Two years after the insolvency reforms took place in Germany, the country is starting to assess the benefits from the changes, says Annerose Tashiro, partner and head of the cross border restructuring department at law firm Schultze & Braun

Annerose Tashiro
Partner and head of the cross border restructuring

1 March 2012 saw Germany revolutionise its insolvency laws, with new legislation moving in line with UK and US practices. Providing debtors and/or creditors with more control over the insolvency proceedings, the reforms sought to improve the legal framework of corporate restructuring in Germany.

Two years on, the dust has started to settle. The implementation of the changes have slowly been accepted and there are two key areas where the benefits can be seen.

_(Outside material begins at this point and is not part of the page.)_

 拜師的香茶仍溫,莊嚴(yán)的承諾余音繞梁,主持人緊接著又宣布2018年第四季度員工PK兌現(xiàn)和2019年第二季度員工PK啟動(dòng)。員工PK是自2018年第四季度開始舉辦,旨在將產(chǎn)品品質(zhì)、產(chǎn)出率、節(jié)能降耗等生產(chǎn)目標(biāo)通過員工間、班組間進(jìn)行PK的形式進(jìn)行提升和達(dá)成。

1) The selection of insolvency administrators

Insolvency administrators had to be truly independent prior to the reforms. This meant that being suggested by a stakeholder would contravene the notion of being independent, making it difficult to recommend suitable experienced administrators.

The reforms have shifted the focus by allowing stakeholders to provide an opinion – they can consent to become a member of the preliminary creditor committees, and once accepted to the creditors committee can air views about administrators which will be listened to.

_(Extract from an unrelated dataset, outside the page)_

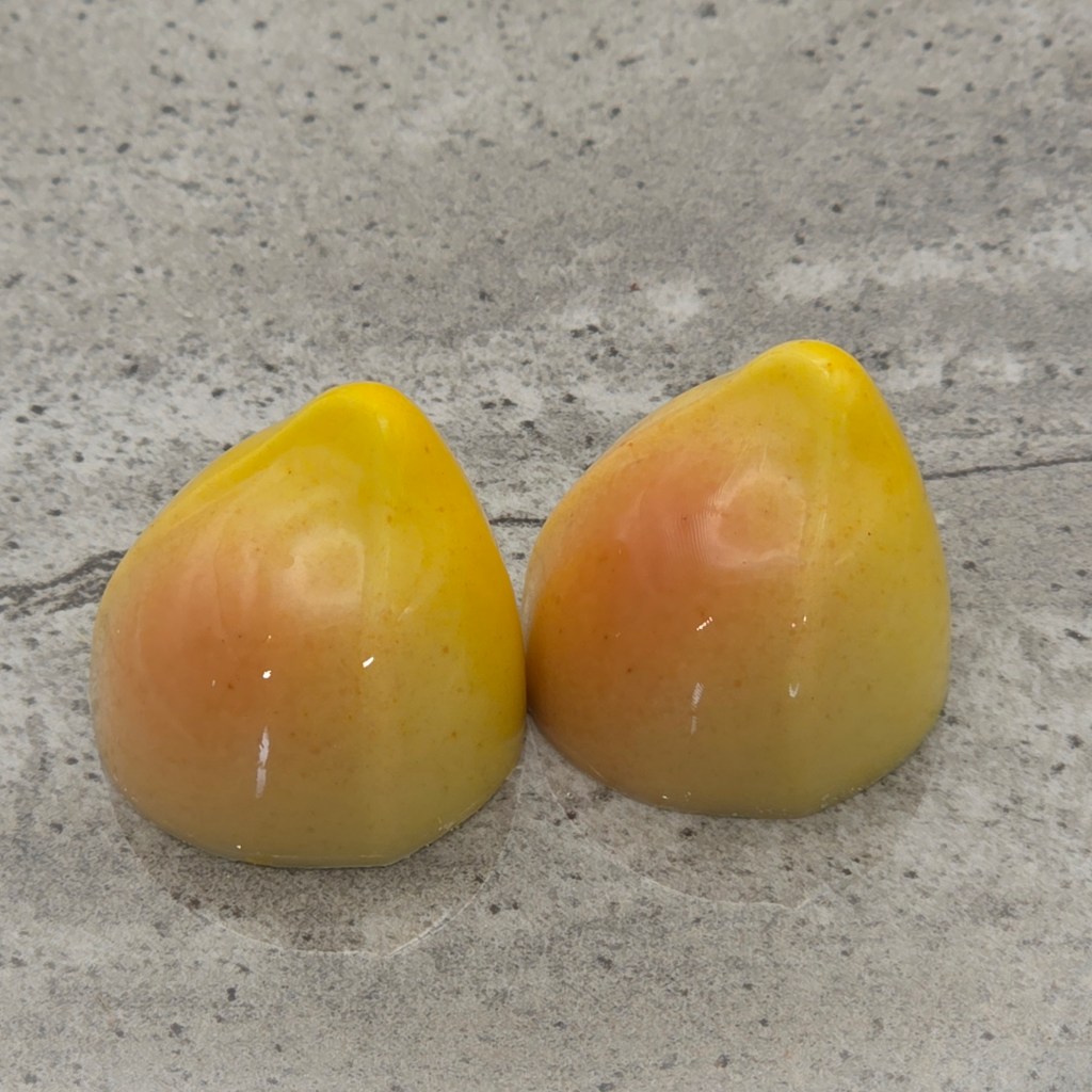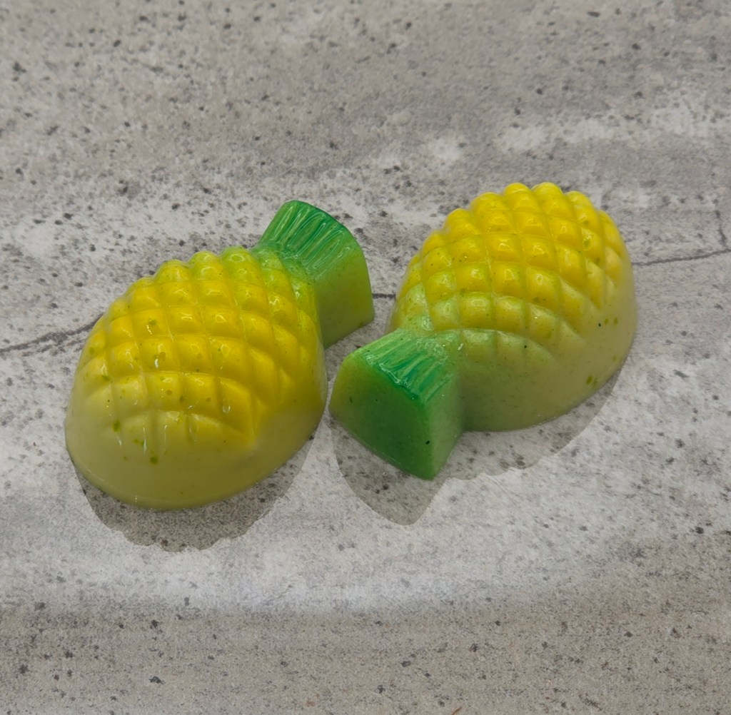 White chocolate shell, with a milk chocolate pineapple ganache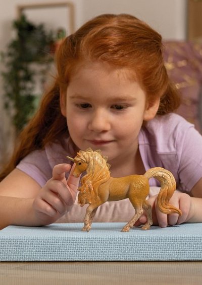 Hrdý hřebec jednorožce Apollo představuje udržitelnou solární energii. Není divu, protože se svou zlatohnědou srstí a zlatým zoubkovaným hřebenem na krku září jako slunce. Netrpělivě švihá svým bujným kudrnatým ocasem sem a tam a klape kopýtky: Kde jsou klisna jednorožce Flowy a hříbě jednorožce Stormy? Chtěli společně vyrazit na rodinný výlet a prozkoumat krásný svět BAYALA®. Ale možná mu bude dělat společnost někdo jiný? Rozměry balení: 11,8 x 16,4 x 3,9 cm. Věk: 5+

Once an appointment has been assigned, the courts will only be able to reject the administrator if that person is deemed not fit for the job.

With banks being one of the largest creditors, the new reforms created the opportunity for them to have more influence on the appointment of the insolvency administrator and with the direction of the case. The early written consent to serve on the preliminary creditors committee was treated with trepidation by the banks at the beginning. However, over the past year the banks have adapted to the new circumstances and requirements.

2) Protective shield procedures

Prior to the reforms, debtors who found themselves in financial difficulty had few options to find a solution to its problems.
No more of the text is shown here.